In times of crisis, behaviors change. Brands must change theirs too, or risk being left behind.

Psychographic, or ‘attitudinal’, research explores peoples’ values, desires, goals, interests and lifestyle choices. Combined with demographic research, it builds a complete picture of your target audiences and gives you insight into where and how to meet them. 

But even brands that have a firm grasp of this audience portrait have seen it shattered by the current global crisis. So what needs to be done to get a true view of the 2020 consumer?

The ‘next normal’: why psychographic data matters

The passing of time and changing circumstances has always meant consumer wants, needs and motivations are in constant evolution, but the coronavirus pandemic has not only fast-tracked this – it’s created a new world.

Charlie Echeverry of marketing company Black//Brown predicts there will be no ‘new normal’. Instead brands must look to the ‘next normal’, where the main focus lies on psychographic research over behaviors. Here’s why.

1. The world, and consumer behavior, is changing fast.

This is a time of fast, unpredictable change on a global scale. And while consumer actions are, and will continue to be, a crucial part of any marketing strategy, the motivations behind these actions are only set to grow in importance. It’s never been more important to know why your target audiences act the way they do.

2. Be responsive – in the way consumers want.

The pandemic has impacted the entire world on a personal level, and it’s imperative that brands keep their finger on the pulse of how consumers will react to their message. Our coronavirus research tracks these attitudes and shows how they’re evolving as time goes on.

3. These times are unprecedented – and your creativity has to match.

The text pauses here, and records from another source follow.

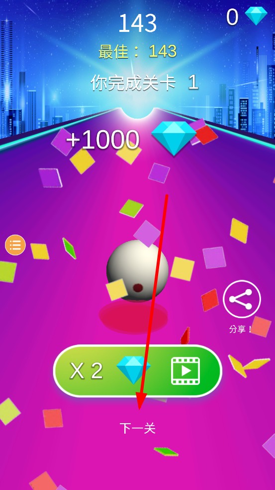 3、纪录挑战欲:界面实时显示最佳滚动距离,通关钻石可解锁炫光皮肤定制外观,持续激发刷新纪录的竞争欲望,彰显滚动实力,打造个性化外观。
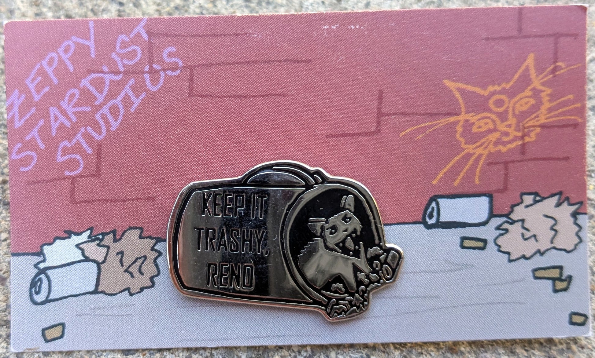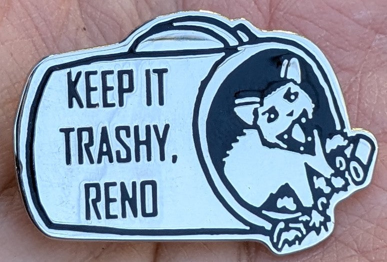 These hard enamel pins feature an image of a screaming possum inside of a tipped garbage can, which reads "Keep it Trashy, Reno." The pins are polished silver steel with two posts and official Zeppy Stardust Studios back stamp. Each pin comes with black rubber clutches on a backing card. Show off your pride for my trashy home city!
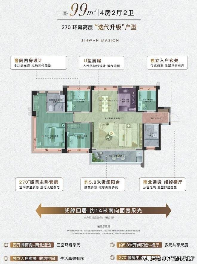 约99㎡户型(04户型),同样以全飘窗、270°瞰景主卧、阔景阳台为核心亮点。

It’s not good enough to fall back on your brand campaigns and stick to your brand message without reassessing its purpose. It’s time to be creative and make sure to resonate with your target audience as they are right now. The only way to do this is to have access to the kind of psychographic research that gives you up-to-date, relevant context around changing mindsets as well as habits.

4. In an uncertain environment, you must be flexible.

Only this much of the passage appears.